- Born: Joseph Calder Miller April 30, 1939
- Died: March 12, 2019 (aged 79)
- Occupations: Historian; academic;

Academic background
- Education: Wesleyan University (BA) Northwestern University (MBA) University of Wisconsin–Madison (MA, PhD)

= Joseph C. Miller =

American historian and academic (1939–2019)

Joseph Calder Miller (April 30, 1939 – March 12, 2019) was an American historian and academic. He served at the University of Virginia from 1972 to 2014 as T. Cary Johnson Jr. professor of history, and was a fellow of the American Academy of Arts and Sciences. As a historian, Joseph wrote extensively on the early history of Africa, especially Angola, the Atlantic slave trade, women and slavery, child slavery, Atlantic history, and world history.

== Biography ==
Miller received his Bachelor of Arts at Wesleyan University in 1961 and a Master of Business Administration at Northwestern University in 1963. He attended graduate school in the Program in Comparative Tropical History at the University of Wisconsin–Madison, where he studied with Jan Vansina. He received a Master of Arts in 1967 and a Doctor of Philosophy in history in 1972.

His most important book was Way of Death: Merchant Capitalism and the Angolan Slave Trade, 1730-1830, which won the Herskovits Prize of the African Studies Association in 1989. In an article shortly before his death, he described his scholarship as stemming froma commitment to bringing Africans respectfully into the mainstream of the history they share with the rest of us, and us with them.

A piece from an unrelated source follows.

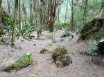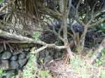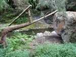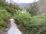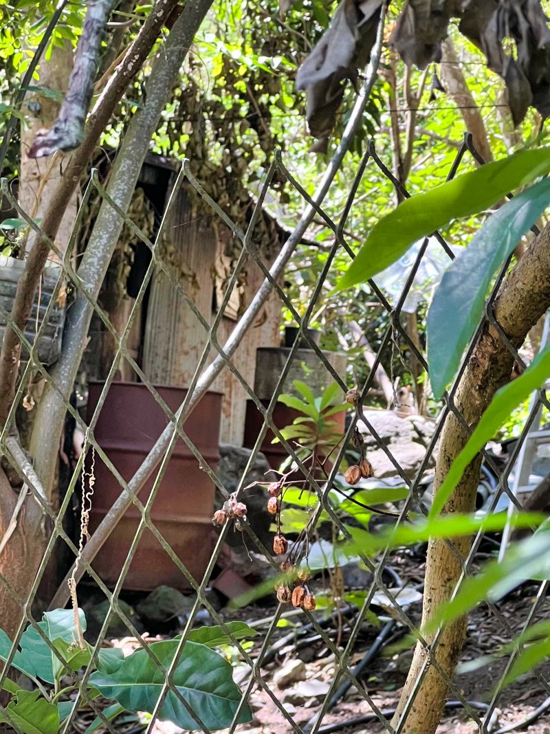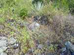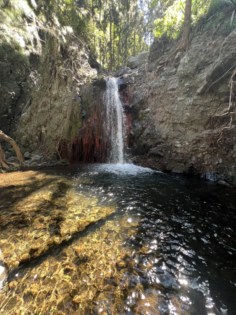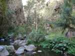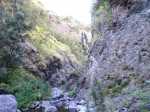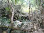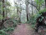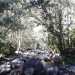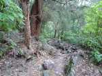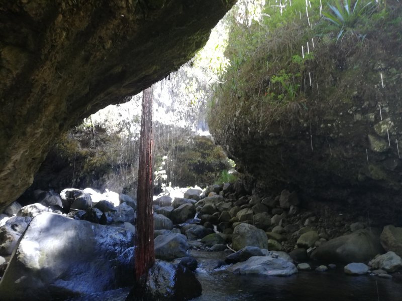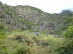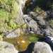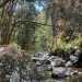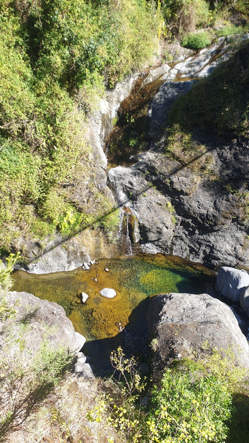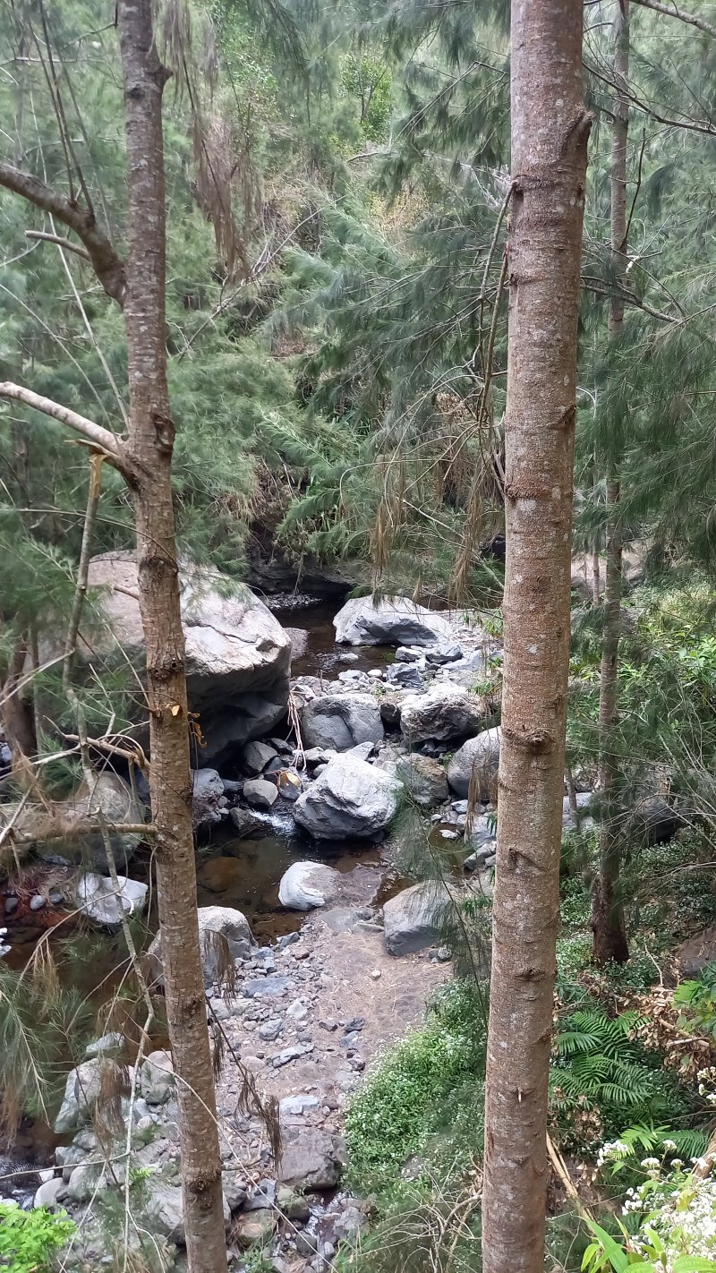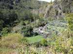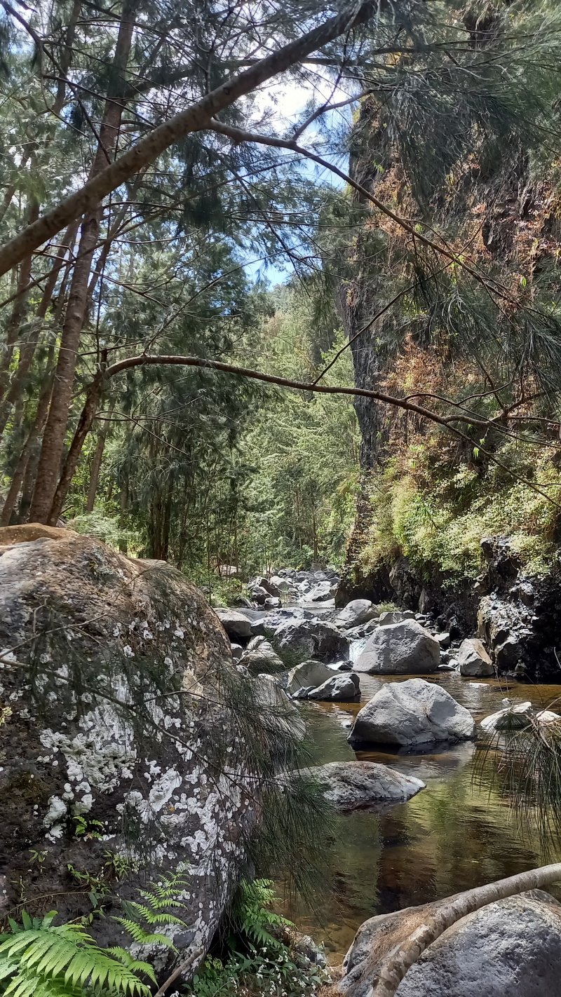 La randonnée débute à l'Îlet à Cordes, presque à la fin de l'agréable Chemin Figaro offrant de belles vues sur le village et le Grand Bénare (Photo 1). Le Chemin du Bras de Saint-Paul, sur la droite, entame sa descente en longeant quelques habitations. Des panneaux annoncent quelques îlets même si plus personne n'y habite (Photo 2). Vers la droite on bénéficie des premiers points de vue au-dessus des champs de lentilles, de haricots ou de quelques vignes qui subsistent. On peut également repérer l'Îlet du Grand Coude qu'on rejoindra dans peu de temps, dominé par les remparts infranchissables du Grand Bénare (Photo 3). Un escalier en béton mène au début du sentier reconnaissable aux deux poteaux de fermeture par l'ONF (Photo 4). On descend sur un agréable sentier fait parfois de hautes marches en pierre, de courts lacets ou de passages en corniche. Au début, des travaux d'adduction permettent de bénéficier d'une centaine de mètres sur béton, marches ou parapets (Photo 5). Quelques eucalyptus bordent le sentier assez souvent caillouteux (Photo 6). La distance est courte, la descente rapide et l'on arrive sans effort sous les filaos bordant le Bras de Saint-Paul (Photo 7). Le ruisseau est assez calme, surtout encombré de rochers et comporte peu de bassins (Photo 8). On peut réserver du temps au retour pour remonter le bras et voir la cascade qui termine le Bras l'Eustache en amont ou voir quelques bassins en aval. Traverser le gué, assez facile sur les roches puis grimper et rejoindre 25 mètres plus loin le croisement de sentiers. Partir à droite en marchant sous les filaos sur un sentier large, en très bon état (Photo 9). On parvient rapidement au Bras Crochet qui se traverse également sans difficulté. Le sentier remonte ensuite vers l'Îlet historique du Bras de Saint-Paul à travers les treilles de chouchous qui ont envahi tous les sous-bois. Il devient humide et se sépare en deux. L'itinéraire vers la droite amène à une petite propriété privée bien entretenue où des chiens bruyants servent d'alarme. Poursuivre sous les bananiers détrempés et tenter de pénétrer de quelques mètres dans ce qui était un îlet cultivé, désormais recouvert de végétation qui nécessiterait des mois de travail pour le remettre en état (Photo 10). Poursuivre vers l'ouest en direction d'une petite falaise qui se franchit par quelques marches à travers les galaberts. Depuis le haut de ce grand talus, on imagine alors ce qu'était ce lieu en 2015 lorsqu'il était cultivé (Photo 11). On ne voit même plus les maisonnettes en pierre déjà recouvertes de verdure. La montée reprend sur un terrain couvert en partie de galaberts et d'herbe. Le sentier est étroit mais facile à suivre (Photo 12). Il effectue une courbe pour se rapprocher d'anciennes habitations. On longe ensuite des champs de lentilles bien entretenus et traversés par une longue canalisation. On se rapproche enfin de la petite case d'habitation entourée de bananiers, d'arbres fruitiers et de fleurs (Photo 13). Revenir vers le Bras Crochet en profitant de ces champs cultivés et propres car ce seront les derniers de la sortie. Après avoir rejoint le croisement marqué de son poteau ONF, poursuivre tout droit sur le sentier balisé de blanc. Cependant, ne pas trop chercher les traces de peinture car le sentier est bordé de nombreuses invasives (Photo 14). Il traverse des friches, des zones d'herbes sèches ou couvertes d'aiguilles de filaos (Photo 15). Le sentier qui passait en rive droite et parfois en corniche est désormais impossible à emprunter (voir ci-dessous). On est donc obligé de suivre la rivière dans une vallée plus ou moins étroite (Photo 17). On frôle l'ancienne passerelle qui a chuté d'une quinzaine de mètres. Il faut ainsi franchir plusieurs gués pour suivre le tracé balisé (Photo 18). Pour retrouver le sentier remontant au plateau, le repérer au dernier gué juste avant un bassin d'eau calme (Photo 19). Dix mètres avant le bassin, le sentier oblique sur la droite, remonte fortement dans le rempart, se rapproche d'une passerelle puis parvient au plateau. Une zone plane, cultivée il y a quelques décennies est désormais infranchissable sans machette. La case est une ruine d'où l'on entend très bien couler la rivière un peu plus bas (Photo 20). Le sentier remonte un peu vers le nord en longeant d'anciens murets (Photo 21). Certains sont encore en bon état malgré les arbres et arbustes qui les repoussent (Photo 22). On parvient au dernier poteau annonçant le point de retour (Photo 23). Deux solutions : revenir à l'Îlet à Cordes par le même itinéraire ou poursuivre un peu pour s'approcher d'une ravine caillouteuse au pied de deux petits plateaux. Les ruines sont partout mais recouvertes de colle-colle Desmodium intertum : plante invasive collante qui s'attache à tout ce qui passe et laisse sur les vêtements des centaines de graines. Voir §ci-dessous. (Photo 24). Marcher dans le fond de la ravine jusqu'à la barrière d'époque installée là pour décourager les visiteurs. On peut désormais la franchir impunément. Monter sur les pierres puis prendre un beau petit sentier qui mène au plateau le plus au nord. Attention à l'éboulis qui a fait chuter un rocher de plusieurs dizaines de tonnes en équilibre précaire sur le bord du plateau (Photo 25). Une case délabrée demeure, mais plus aucune trace de culture. Revenir sur ses pas, rejoindre la ravine puis prendre le sentier partant sur la droite. On arrive à un îlet encore habité en 2015, devenu méconnaissable après son abandon. Les colle-colle ont pris possession des lieux (Photo 26), inutile d'essayer de rejoindre le cabanon en ruine (Photo 27). Rejoindre le sentier désormais difficile à suivre et terminer cette recherche d'îlets perdus par une courte descente vers une cabane toujours sur pied (Photo 28). Si la case en tôle semble encore correcte, impossible là aussi de repérer d'anciennes

Over the years, that’s extended to an effort to understand the experiences of enslavement on global scales – again, painting the larger picture, into which fit the Africans brought to the Americas. On a world scale, they were far from alone, and the seemingly unstoppable removals of people that enslavement means in turn tell us something about ourselves that we’d all be better off recognizing.In addition to his monographs, Miller was a prolific editor. He was an editor for the Journal of African History from 1990 to 1997 and edited multiple volumes each of the Encyclopedia of Africa South of the Sahara, the Macmillan Encyclopedia of World Slavery, and the New Encyclopedia of Africa. He also edited the 2015 Princeton Companion to Atlantic History and contributed entries on the Transatlantic Slave Trade to the Encyclopedia Virginia in 2018. He is sometimes confused with the Joe C. Miller who wrote Never A Fight of Woman Against Man: What Textbooks Don't Say about Women's Suffrage, (published in The History Teacher, Vol. 48, No. 3, May 2015); that Joe C. Miller's works can be seen at AlternativeSuffrage.com.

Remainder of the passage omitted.